* __memmove_avx_unaligned_erms throws segmentation fault in release mode
[not found] <343253870.2815115.1625762524578.ref@mail.yahoo.com>
@ 2021-07-08 16:42 ` Mahmood N
2021-07-09 7:57 ` Xi Ruoyao
0 siblings, 1 reply; 6+ messages in thread
From: Mahmood N @ 2021-07-08 16:42 UTC (permalink / raw)
To: gcc-help
Hi
I see that my program works fine in the debug mode, but not in the release mode. With GDB I was able to find the function that got error. The code looks like
std::vector<std::vector<inst_trace_t> *> threadblock_traces;
...
printf("hello %d\n",threadblock_traces.size());
trace_kernel.get_next_threadblock_traces(threadblock_traces);
At the printf(), I see the size is 4. So, the vector is not empty. According to GDB, the backtrace is
Program received signal SIGSEGV, Segmentation fault.

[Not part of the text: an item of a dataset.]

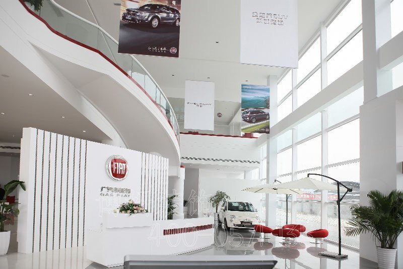 本案例为安徽菲亚特4S店装修设计案例,以人为本,大气简约,纯白色为色彩基底,加上logo的红色作为点缀,将菲亚特的品牌特征清晰的展示了出来。

__memmove_avx_unaligned_erms () at ../sysdeps/x86_64/multiarch/memmove-vec-unaligned-erms.S:384
384 ../sysdeps/x86_64/multiarch/memmove-vec-unaligned-erms.S: No such file or directory.
(gdb) bt
#0 __memmove_avx_unaligned_erms ()
at ../sysdeps/x86_64/multiarch/memmove-vec-unaligned-erms.S:384
#1 0x0000555555569849 in std::__copy_move<false, true, std::random_access_iterator_tag>::__copy_m<std::vector<inst_trace_t, std::allocator<inst_trace_t> >*> (__result=<optimized out>,
__last=<optimized out>, __first=<optimized out>) at /usr/include/c++/9/bits/stl_algobase.h:465
#2 std::__copy_move_a<false, std::vector<inst_trace_t, std::allocator<inst_trace_t> >* const*, std::vector<inst_trace_t, std::allocator<inst_trace_t> >**> (__result=<optimized out>,
__last=<optimized out>, __first=<optimized out>) at /usr/include/c++/9/bits/stl_algobase.h:404
#3 std::__copy_move_a2<false, __gnu_cxx::__normal_iterator<std::vector<inst_trace_t, std::allocator<inst_trace_t> >* const*, std::vector<std::vector<inst_trace_t, std::allocator<inst_trace_t> >*, std::allocator<std::vector<inst_trace_t, std::allocator<inst_trace_t> >*> > >, std::vector<inst_trace_t, std::allocator<inst_trace_t> >**> (__result=<optimized out>, __last=..., __first=...)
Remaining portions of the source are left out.